EXERCISE OBJECTIVE:
The full set of lines below has to be duplicated exactly, with no picture kept.

===== PROVIDED DATA

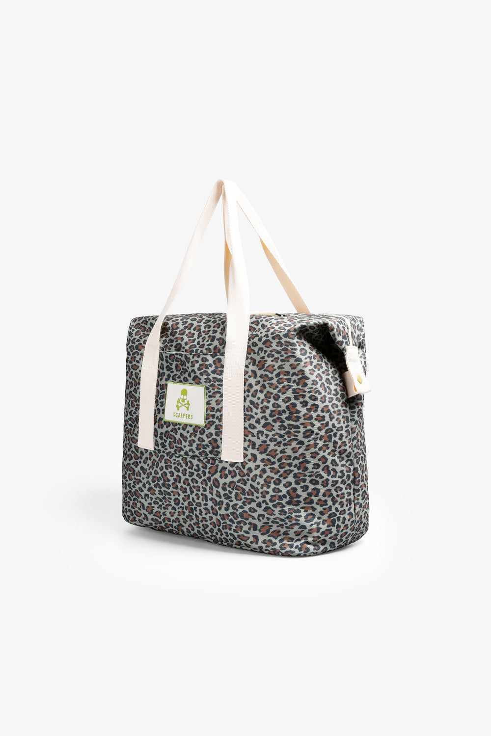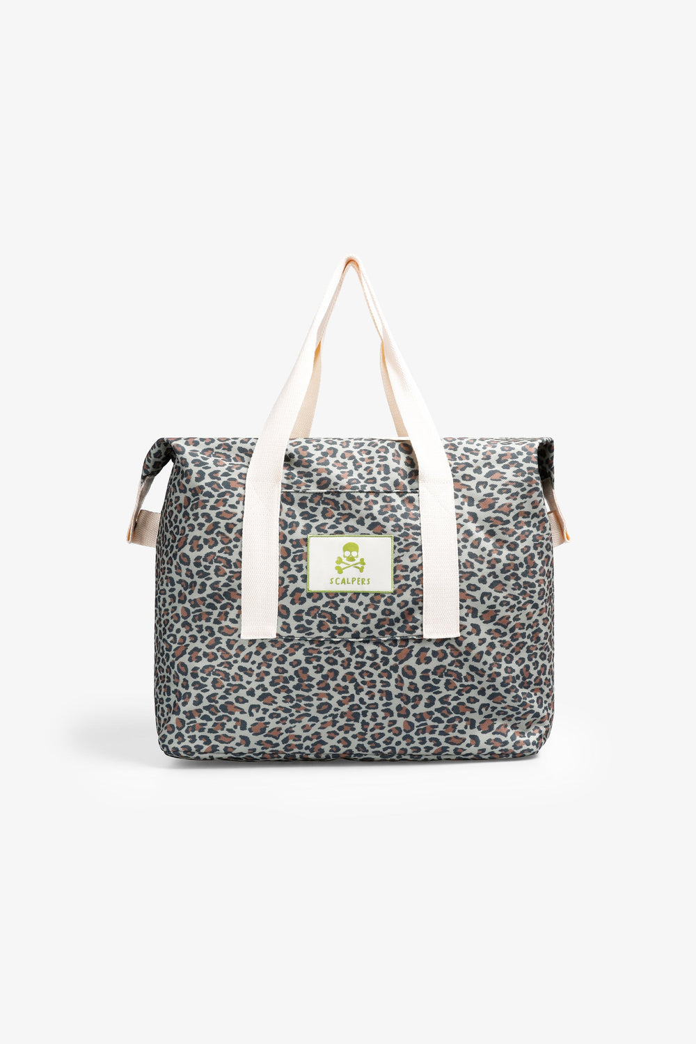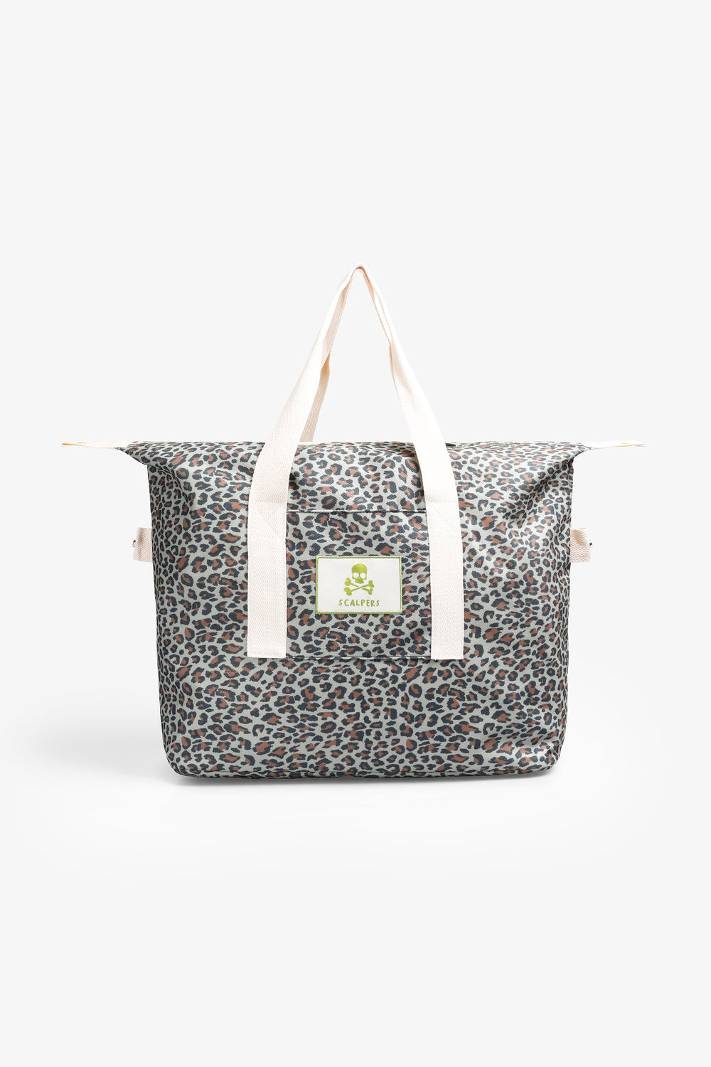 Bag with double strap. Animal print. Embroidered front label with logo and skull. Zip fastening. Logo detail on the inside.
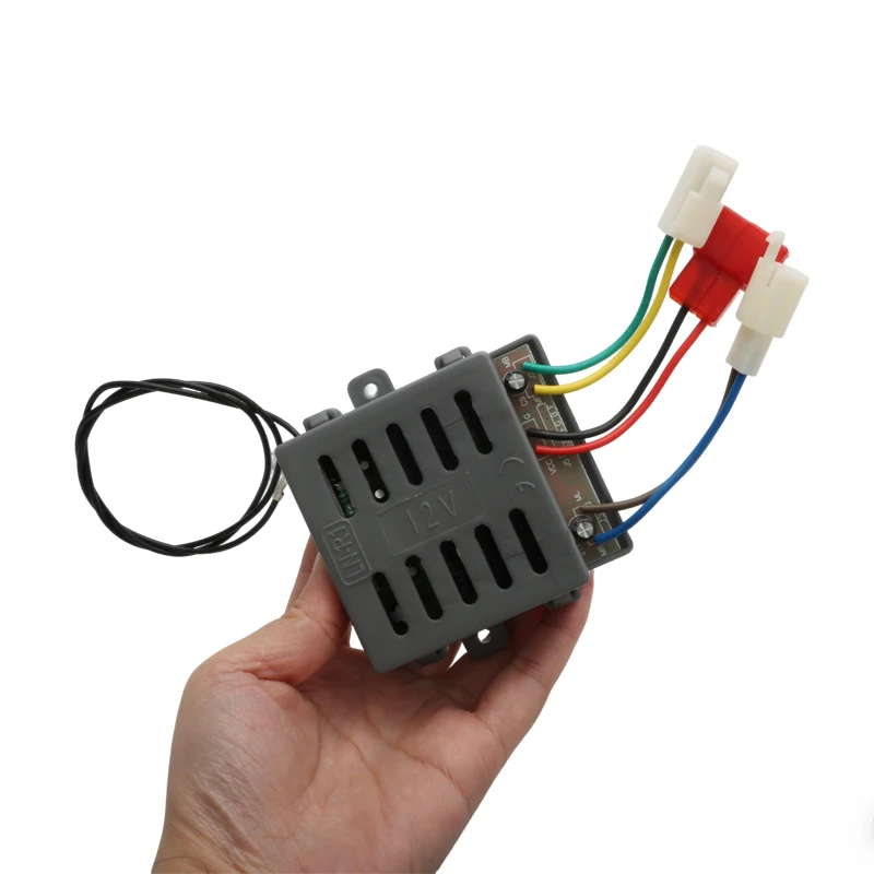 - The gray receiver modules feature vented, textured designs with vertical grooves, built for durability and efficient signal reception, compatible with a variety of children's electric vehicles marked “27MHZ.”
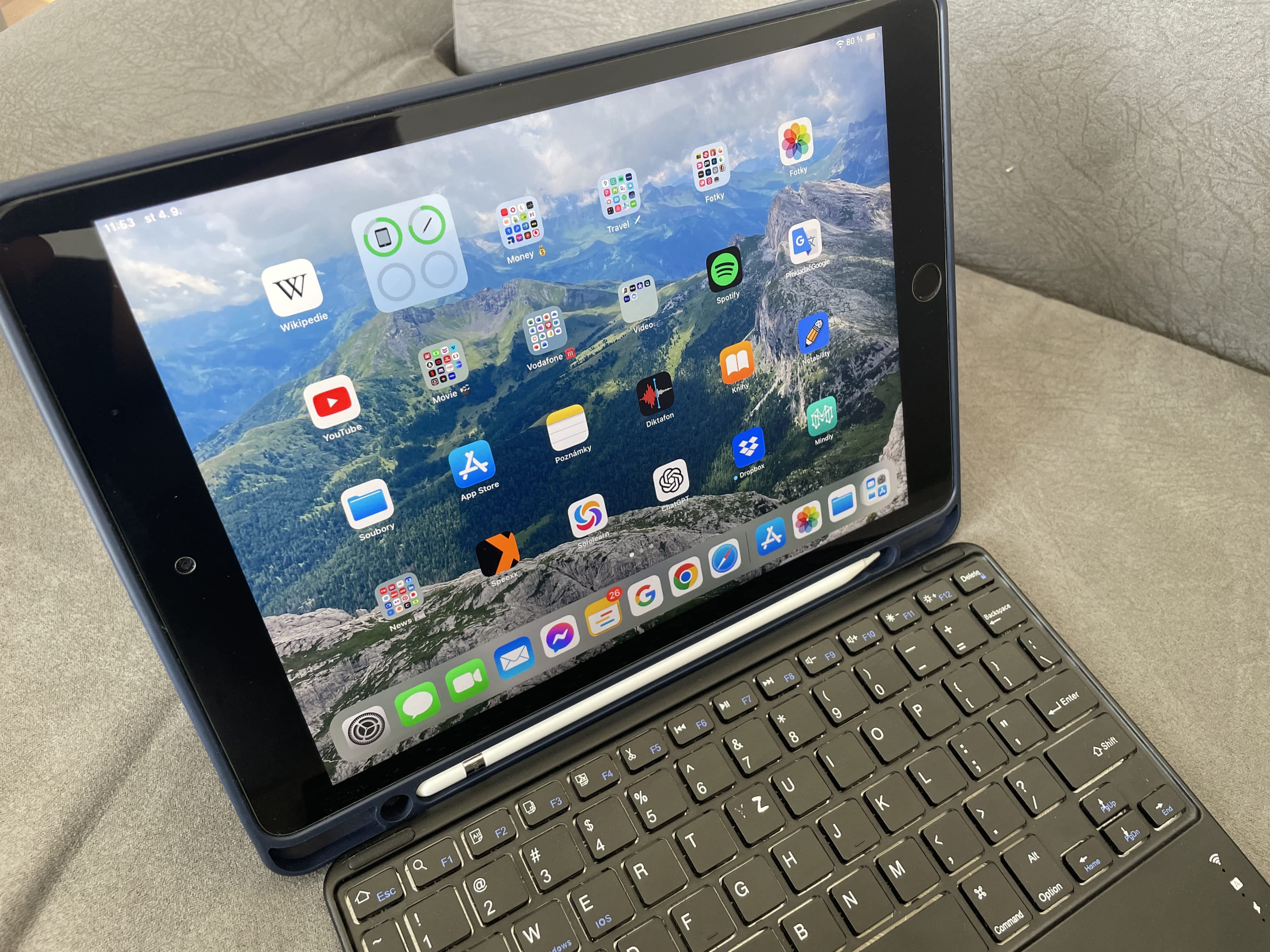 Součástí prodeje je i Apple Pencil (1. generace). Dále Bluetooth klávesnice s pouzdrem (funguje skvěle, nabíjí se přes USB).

==========

RESULT OF THIS TASK:
 Bag with double strap. Animal print. Embroidered front label with logo and skull. Zip fastening. Logo detail on the inside.
 - The gray receiver modules feature vented, textured designs with vertical grooves, built for durability and efficient signal reception, compatible with a variety of children's electric vehicles marked “27MHZ.”
 Součástí prodeje je i Apple Pencil (1. generace). Dále Bluetooth klávesnice s pouzdrem (funguje skvěle, nabíjí se přes USB).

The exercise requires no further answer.